Edwin H. Kuhnel, appellant, v. BNSF Railway Company, a corporation, appellee.

No. S12296

Decided: February 28, 2014

HEAVICAN, C.J., WRIGHT, CONNOLLY, STEPHAN, MCCORMACK, MILLER-LERMAN, and CASSEL, JJ. Michael J. Wilson, of Schaefer Shapiro, L.L.P., and James L. Cox, of Brent Coon & Associates, for appellant. Nichole S. Bogen and Thomas C. Sattler, of Sattler & Bogen, L.L.P., for appellee.

INTRODUCTION

An injured railroad employee brought this action under the Federal Employers' Liability Act (FELA).1  Pursuant to the jury's general verdict, the district court entered judgment for the employer.   On appeal, the Nebraska Court of Appeals found plain error in the jury instructions regarding the employer's duty to provide a reasonably safe place to work.2  The Court of Appeals also rejected the employer's argument that the general verdict rule precluded the court from overturning the jury's verdict.   Upon further review, we conclude that the jury instructions in this case do not rise to the level of plain error.   Thus, we do not reach the general verdict rule issue, and we reverse the Court of Appeals' decision.

BACKGROUND

Edwin H. Kuhnel was an employee of BNSF Railway Company (BNSF) and alleged that he was injured when he was thrown against a locomotive cab seat during the recoupling of train cars.   Kuhnel filed a complaint against BNSF pursuant to FELA in July 2009.   In his complaint, he claimed that his injuries were caused by BNSF's failure to provide him with a reasonably safe place to work and to take other appropriate safety measures.

A jury trial was held, and both Kuhnel and BNSF submitted proposed instructions at the jury instruction conference.   Kuhnel's proposed instructions charged the jury that FELA imposed a duty upon BNSF to provide him with a reasonably safe place to work.   Kuhnel's tendered instruction No. 2 provided, in pertinent part:

At the time and place in question, [BNSF] had a continuing duty as an employer to use ordinary care under the circumstances in furnishing [Kuhnel] with a reasonably safe place in which to work.   It was also [BNSF's] continuing duty to use ordinary care under the circumstances to maintain and keep such place of work in a reasonably safe condition.

The district court rejected both parties' proposed jury instructions at the conference and adopted its own instructions.   The court's jury instructions did not include an instruction that FELA imposed a duty upon BNSF to provide a reasonably safe place to work.   Instead, the instructions merely repeated Kuhnel's allegation that BNSF was negligent in failing to fulfill this duty.   The court's instruction No. 2 provided, in pertinent part:

INSTRUCTION NO. 2

I. CLAIMS OF THE PARTIESA. Plaintiff's Complaint

․ Kuhnel further claims that his injuries were caused, in whole or in part, by BNSF's negligence, as follows:

a.  Failing to provide Kuhnel with a reasonably safe place to work[.]

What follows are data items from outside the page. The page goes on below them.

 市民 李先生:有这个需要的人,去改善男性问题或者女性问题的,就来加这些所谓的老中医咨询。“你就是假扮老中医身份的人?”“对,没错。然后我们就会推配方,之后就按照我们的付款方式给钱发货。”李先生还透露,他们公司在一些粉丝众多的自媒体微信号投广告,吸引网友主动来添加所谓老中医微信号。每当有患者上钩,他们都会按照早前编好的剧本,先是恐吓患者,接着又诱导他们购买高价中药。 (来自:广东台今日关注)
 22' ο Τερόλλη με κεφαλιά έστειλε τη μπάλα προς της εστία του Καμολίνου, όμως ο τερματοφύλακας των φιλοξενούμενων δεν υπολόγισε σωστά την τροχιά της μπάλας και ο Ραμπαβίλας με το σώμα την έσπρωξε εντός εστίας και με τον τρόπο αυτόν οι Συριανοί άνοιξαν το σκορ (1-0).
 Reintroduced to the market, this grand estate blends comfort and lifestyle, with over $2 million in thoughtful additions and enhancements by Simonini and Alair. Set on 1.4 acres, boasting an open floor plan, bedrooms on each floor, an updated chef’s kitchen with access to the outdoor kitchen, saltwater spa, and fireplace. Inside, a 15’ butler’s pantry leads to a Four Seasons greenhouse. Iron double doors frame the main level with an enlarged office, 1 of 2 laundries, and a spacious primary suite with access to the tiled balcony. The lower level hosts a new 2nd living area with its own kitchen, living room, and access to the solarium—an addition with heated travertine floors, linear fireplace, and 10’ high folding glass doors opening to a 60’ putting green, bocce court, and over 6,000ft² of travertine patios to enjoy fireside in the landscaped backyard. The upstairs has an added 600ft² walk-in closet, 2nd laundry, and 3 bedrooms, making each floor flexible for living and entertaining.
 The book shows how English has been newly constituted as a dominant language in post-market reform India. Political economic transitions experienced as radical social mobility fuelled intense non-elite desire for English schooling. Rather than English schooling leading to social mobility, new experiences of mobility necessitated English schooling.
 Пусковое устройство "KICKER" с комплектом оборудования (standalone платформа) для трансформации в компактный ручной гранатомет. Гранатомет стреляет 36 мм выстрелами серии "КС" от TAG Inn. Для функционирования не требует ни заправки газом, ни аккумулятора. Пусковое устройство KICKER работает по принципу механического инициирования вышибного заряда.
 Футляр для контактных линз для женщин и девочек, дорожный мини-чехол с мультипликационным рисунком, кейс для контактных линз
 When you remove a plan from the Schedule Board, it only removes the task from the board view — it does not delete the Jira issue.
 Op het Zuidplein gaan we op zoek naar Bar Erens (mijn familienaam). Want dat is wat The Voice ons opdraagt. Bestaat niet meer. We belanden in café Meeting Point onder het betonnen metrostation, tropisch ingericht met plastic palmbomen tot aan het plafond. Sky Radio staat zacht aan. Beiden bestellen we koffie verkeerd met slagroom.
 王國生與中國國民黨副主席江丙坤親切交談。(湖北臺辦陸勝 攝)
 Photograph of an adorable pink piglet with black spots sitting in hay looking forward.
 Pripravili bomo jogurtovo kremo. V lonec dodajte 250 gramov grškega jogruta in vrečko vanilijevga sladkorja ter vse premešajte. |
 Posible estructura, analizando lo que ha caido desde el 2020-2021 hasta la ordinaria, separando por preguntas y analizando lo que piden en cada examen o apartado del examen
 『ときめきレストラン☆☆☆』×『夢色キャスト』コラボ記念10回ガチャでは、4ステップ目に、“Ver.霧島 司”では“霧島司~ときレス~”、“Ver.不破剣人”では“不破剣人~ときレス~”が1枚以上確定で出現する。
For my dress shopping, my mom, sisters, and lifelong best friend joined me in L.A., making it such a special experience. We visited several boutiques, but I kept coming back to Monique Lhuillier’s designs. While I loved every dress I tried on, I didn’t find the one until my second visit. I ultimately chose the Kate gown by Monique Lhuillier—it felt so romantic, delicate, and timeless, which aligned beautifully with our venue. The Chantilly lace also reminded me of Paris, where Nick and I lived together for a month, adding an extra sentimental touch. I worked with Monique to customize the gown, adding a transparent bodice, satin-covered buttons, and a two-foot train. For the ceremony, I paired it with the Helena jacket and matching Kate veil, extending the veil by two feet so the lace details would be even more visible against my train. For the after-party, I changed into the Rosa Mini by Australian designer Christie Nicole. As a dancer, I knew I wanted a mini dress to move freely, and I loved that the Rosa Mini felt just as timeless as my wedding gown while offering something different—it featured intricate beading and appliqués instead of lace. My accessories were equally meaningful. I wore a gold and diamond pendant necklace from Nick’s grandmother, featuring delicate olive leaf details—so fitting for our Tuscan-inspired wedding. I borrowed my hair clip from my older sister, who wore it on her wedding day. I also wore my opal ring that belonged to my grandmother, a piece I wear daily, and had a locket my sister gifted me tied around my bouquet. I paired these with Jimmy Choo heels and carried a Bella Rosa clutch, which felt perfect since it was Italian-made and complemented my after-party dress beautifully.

The district court's jury instruction on Kuhnel's burden of proof provided:

A. Plaintiff's Burden of Proof (Negligence)

Before Kuhnel can recover against BNSF he must prove, by the greater weight of the evidence, all of the following:

1.  That at the time of the alleged accident Kuhnel was working in the course and scope of his employment by BNSF;  and

2.  That BNSF was negligent in one or more of the ways claimed by Kuhnel;  and

3.  That BNSF's negligence was a cause, in whole or in part, [of] some damage to Kuhnel;  and

4.  The nature and extent of Kuhnel's damages.

The district court gave the parties multiple opportunities to make objections to its instructions at the jury instruction conference and indicated that it was interested in the parties' “having an opportunity to make an objection of record.”   Kuhnel raised several objections to the instructions on other grounds, but made no objection on the basis that the instructions did not charge the jury that FELA imposed a duty upon BNSF to provide a reasonably safe place to work.

The jury returned a general verdict in BNSF's favor.   It used the district court's verdict form No. 1, which stated its finding that Kuhnel had not met his burden of proof.   Kuhnel moved the district court for a new trial, claiming that the court's jury instructions caused him prejudice by failing to instruct the jury on BNSF's duty of care.   The district court overruled Kuhnel's motion, finding that its instructions “included the substance of Kuhnel's requested instruction regarding BNSF's duty to provide a reasonably safe place to work.”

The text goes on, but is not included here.